Incursionar en las chacras aledañas al pueblo para “robar” huiros; entrar a escondidas al fundo de don Manuel Milla, para “cosechar” frutos de capulí; cazar pichinkos y tortolitas con hondas de jebe, con su “pampan” hecho con lengüetas de zapatos viejos, formaban parte del conjunto de juegos que ocupaban el día a día de los niños.
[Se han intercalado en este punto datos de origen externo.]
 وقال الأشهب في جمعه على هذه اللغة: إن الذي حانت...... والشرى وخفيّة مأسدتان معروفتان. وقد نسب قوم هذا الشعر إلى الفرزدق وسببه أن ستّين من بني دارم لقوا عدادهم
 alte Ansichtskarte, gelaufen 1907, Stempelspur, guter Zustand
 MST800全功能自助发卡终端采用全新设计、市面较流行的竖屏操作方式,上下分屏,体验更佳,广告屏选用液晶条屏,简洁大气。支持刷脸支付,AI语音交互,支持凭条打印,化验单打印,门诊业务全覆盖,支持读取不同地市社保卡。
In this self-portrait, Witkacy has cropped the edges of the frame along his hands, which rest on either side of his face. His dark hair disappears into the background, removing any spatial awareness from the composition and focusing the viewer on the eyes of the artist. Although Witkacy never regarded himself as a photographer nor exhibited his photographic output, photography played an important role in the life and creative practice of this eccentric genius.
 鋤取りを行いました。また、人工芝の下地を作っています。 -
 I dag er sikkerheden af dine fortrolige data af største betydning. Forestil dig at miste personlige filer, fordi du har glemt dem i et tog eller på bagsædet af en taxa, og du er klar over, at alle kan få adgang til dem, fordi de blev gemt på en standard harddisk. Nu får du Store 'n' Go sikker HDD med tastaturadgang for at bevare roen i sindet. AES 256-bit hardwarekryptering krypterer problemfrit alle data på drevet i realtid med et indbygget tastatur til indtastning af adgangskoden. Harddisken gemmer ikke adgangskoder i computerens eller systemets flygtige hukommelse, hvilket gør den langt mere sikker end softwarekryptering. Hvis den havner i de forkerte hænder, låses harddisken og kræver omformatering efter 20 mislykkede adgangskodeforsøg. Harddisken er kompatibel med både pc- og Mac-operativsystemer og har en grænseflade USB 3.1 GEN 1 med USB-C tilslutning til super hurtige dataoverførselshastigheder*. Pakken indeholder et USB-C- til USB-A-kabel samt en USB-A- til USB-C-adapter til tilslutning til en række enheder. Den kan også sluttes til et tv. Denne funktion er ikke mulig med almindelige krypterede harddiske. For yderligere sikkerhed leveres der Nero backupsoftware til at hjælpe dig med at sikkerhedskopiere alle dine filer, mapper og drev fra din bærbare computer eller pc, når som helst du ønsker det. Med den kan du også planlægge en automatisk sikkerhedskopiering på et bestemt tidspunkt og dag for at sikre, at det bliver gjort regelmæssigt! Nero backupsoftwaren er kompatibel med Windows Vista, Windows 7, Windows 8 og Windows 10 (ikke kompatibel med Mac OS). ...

Las noches frescas, serenas con luna llena y estrellas fugando en el firmamento, eran aparentes para los juegos mixtos. Con la libertad permitida en un pueblo donde todos se conocían; infantes y adolescentes, ocupaban las bancas de la plaza, los poyos de las tiendas, para armar grupos e improvisar la chancalalata, berlina, ampay, las escondidas, al “papá y mamá” donde aprendices de amantes, insinuaban sus intenciones, exitosas muchas veces. El juego finalizaba cuando don Cirilo Ayala o Mario Gamarra, bajaban las llaves de la mini central que generaba luz eléctrica por horas para el pueblo.
Las calles de
Lambrama se han transformado a tono con la modernidad. Quedan algunas con la
nostalgia de siempre. Las veredas de asfalto se han superpuesto a las paredes
de adobe o champa; los pasajes de tierra, piedra y lodo son ahora de concreto. No
hay huecos donde se pierdan trompos o chuis; las veredas nuevas relucen su
integridad, hasta un pronto aviso de reparación.
Los niños de ahora juegan, sí juegan, pero la mayoría en la soledad de sus casas. Como en otros lares, juegan con sus dedos y sus ojos, aislados del mundo por los teléfonos móviles que han invadido el pueblo. Solo el fulbito, que sigue siendo el gran imán de convocatorias, los reúne de vez en cuando.
Es la modernidad que nos hace extrañar con aires de dolida nostalgia, esos gritos infantiles, emocionados y cargados de fantasía que retumbaban en los recovecos de la plaza y repicaban en musical eco, en las torres de la iglesia San Blas: “Ampay, ampay… salvo a mis compañeros”.